■ Problem to solve: The reply must repeat the listing below exactly and carry none of its pictures.

■ Data block:
#####
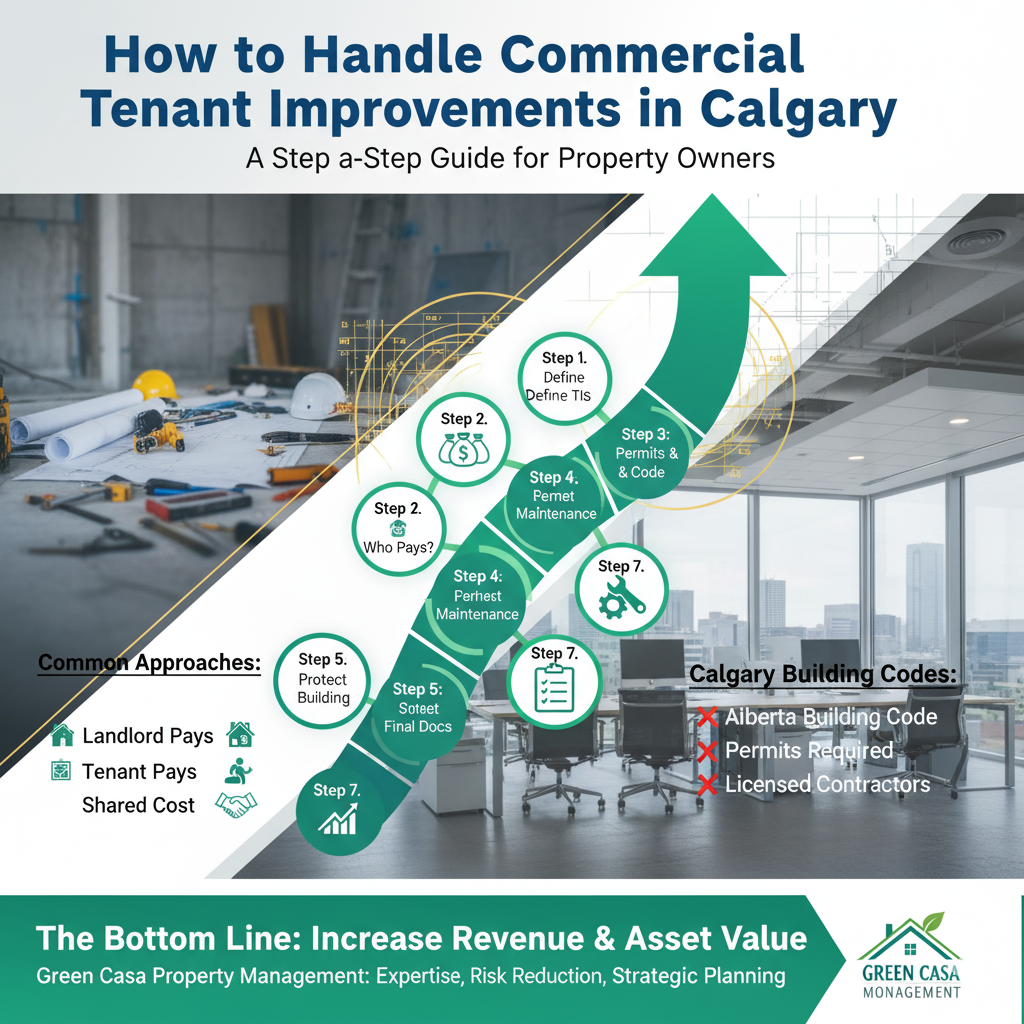 Green Casa Property Management specializes in helping Calgary commercial landlords navigate these improvements smoothly with predictable outcomes. Below is a detailed, real-world guide on how commercial tenant improvements should be handled in Calgary’s modern market.
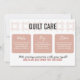 The front of the card tells how to wash, dry, and store their new quilt. The back of the card has space for the maker to write in important information about the quilt: who it's made by, where it's made, when it was made, what pattern it was made with, quilting details, and material details.
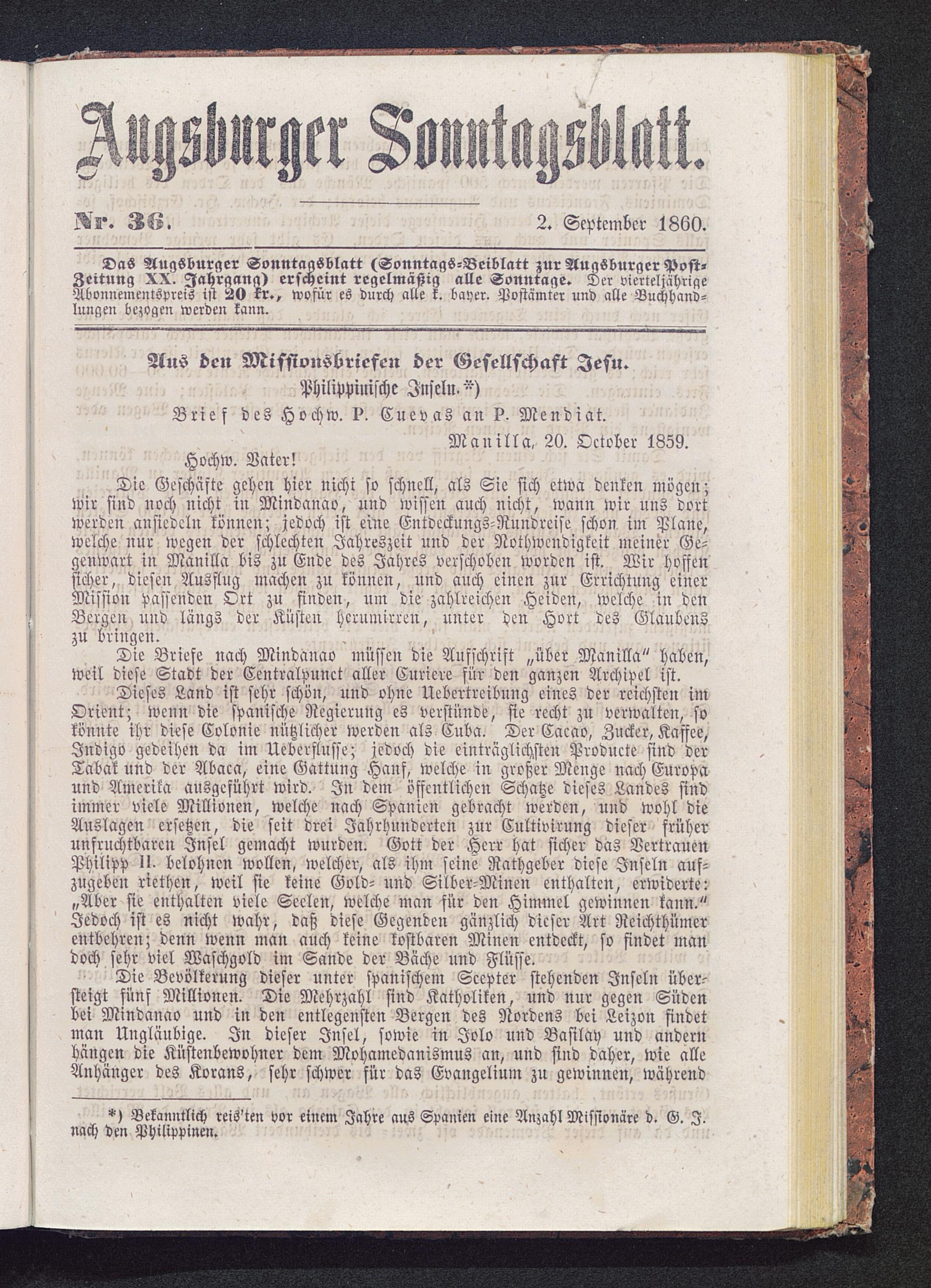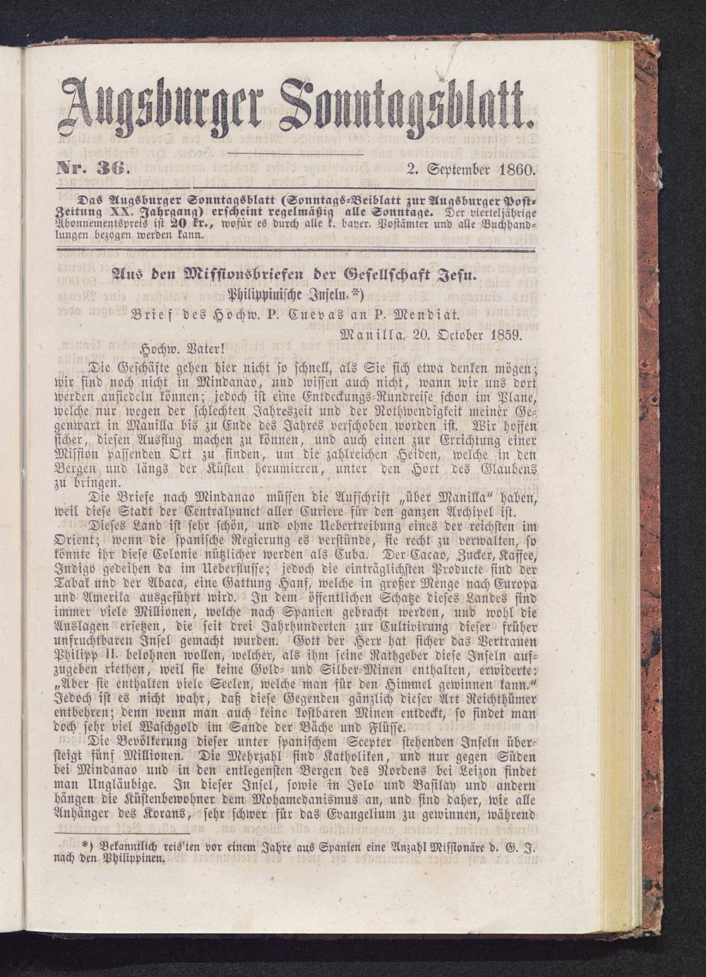 Das Augsburger Sonntagsblatt (Sonntags-Beiblatt zur Augsburger Post»Zeitung XX. Jahrgang) erscheint regelmäßig alle Sonntage. Der vierteljährigeAbonnementspreis ist 20 kr.» wofür es durch alle k. bayer. Postämter und alle Buchhand-lungen bezogen werden kann.
#####
■ Answer section:
 Green Casa Property Management specializes in helping Calgary commercial landlords navigate these improvements smoothly with predictable outcomes. Below is a detailed, real-world guide on how commercial tenant improvements should be handled in Calgary’s modern market.
 The front of the card tells how to wash, dry, and store their new quilt. The back of the card has space for the maker to write in important information about the quilt: who it's made by, where it's made, when it was made, what pattern it was made with, quilting details, and material details.
 Das Augsburger Sonntagsblatt (Sonntags-Beiblatt zur Augsburger Post»Zeitung XX. Jahrgang) erscheint regelmäßig alle Sonntage. Der vierteljährigeAbonnementspreis ist 20 kr.» wofür es durch alle k. bayer. Postämter und alle Buchhand-lungen bezogen werden kann.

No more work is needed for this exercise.